Kemudian mereka pun segera menuju ke mobil dan Jack segera melajukan mobilnya menuju perusahaan. Saat dijalan Raina selalu mengajak Zevina untuk bicara dengannya, mau tidak mau Zevina harus menanggapi. Jack hanya tersenyum kecil melihat mereka.
"Apa yang membuat mu begitu special dimata putri ku?" Batin Jack memperhatikan Zevina dari kaca spion diatas kepalanya. Raina memaksa Zevina agar duduk di belakang bersamanya.
"Mommy berjanjilah tidak akan menangis lagi." Ucap Raina pada Zevina. Entah kenapa gadis kecil itu sangt menyayangi Zevina.
"Untuk apa aku berjanji pada mu. Dasar bocah." Ucap Zevina ketus mengacak rambut Raina, lalu berjalan meninggalkan mereka dan masuk ke dalam perusahaan Jack. Mereka memang sudah sampai sekarang. Zevina tersenyum kecil dalam langkahnya.
"Hahaha aku tahu Mommy sedang tersenyum." Ucap Raina berteriak dan mengejar Zevina tanpa mempedulikan setiap mata yang memandang nya.
Jack hanya menggeleng, ia tidak bisa berbuat banyak untuk memisahkan putrinya dengan Zevina.
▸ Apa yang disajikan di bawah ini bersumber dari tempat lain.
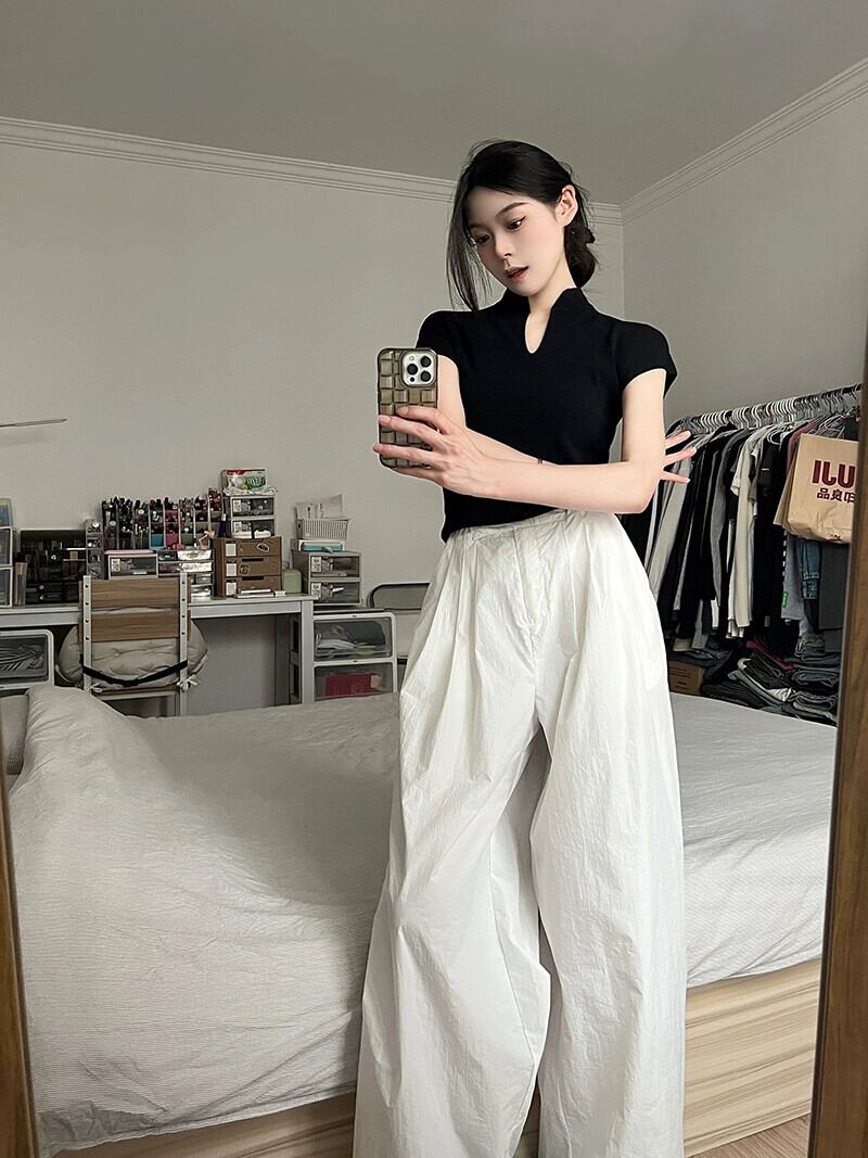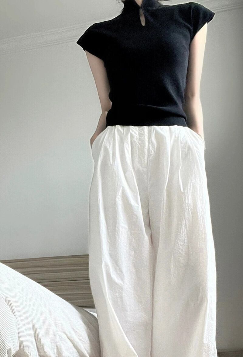 スーツ女性春の新中国風プレートボタンスタンドカラー半袖トップ白カジュアルパンツワイドレッグパンツ 2 点セット ホワイト スプリング 春物 0921923394909987
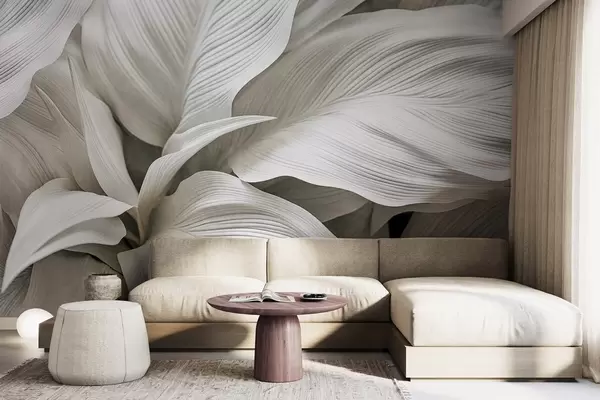 Fotomurales Hojas grandes, blancas y texturizadas, con nervaduras prominentes que se superponen y crean profundidad. Nr. w09536

Ia pub merasakan kehangatan dihati nya saat melihat Raina yang memilih dekat dengan Zevina, padahal tak sedikit wanita yang ingin dekat dengan putrinya itu. Mungkin pilihan putrinya yang terbaik atau entahlah.
************
terima kasih untuk kalian yang masih setia menunggu kelanjutan cerita ku.
Semoga aku bisa cepat menyelesaikan proses revisi nya yah.
Tinggalkan komentar, like, favorit, dan vote nya buat ku.
Serta rate bintang 5, 4, 3 juga yah..
Sayang kalian.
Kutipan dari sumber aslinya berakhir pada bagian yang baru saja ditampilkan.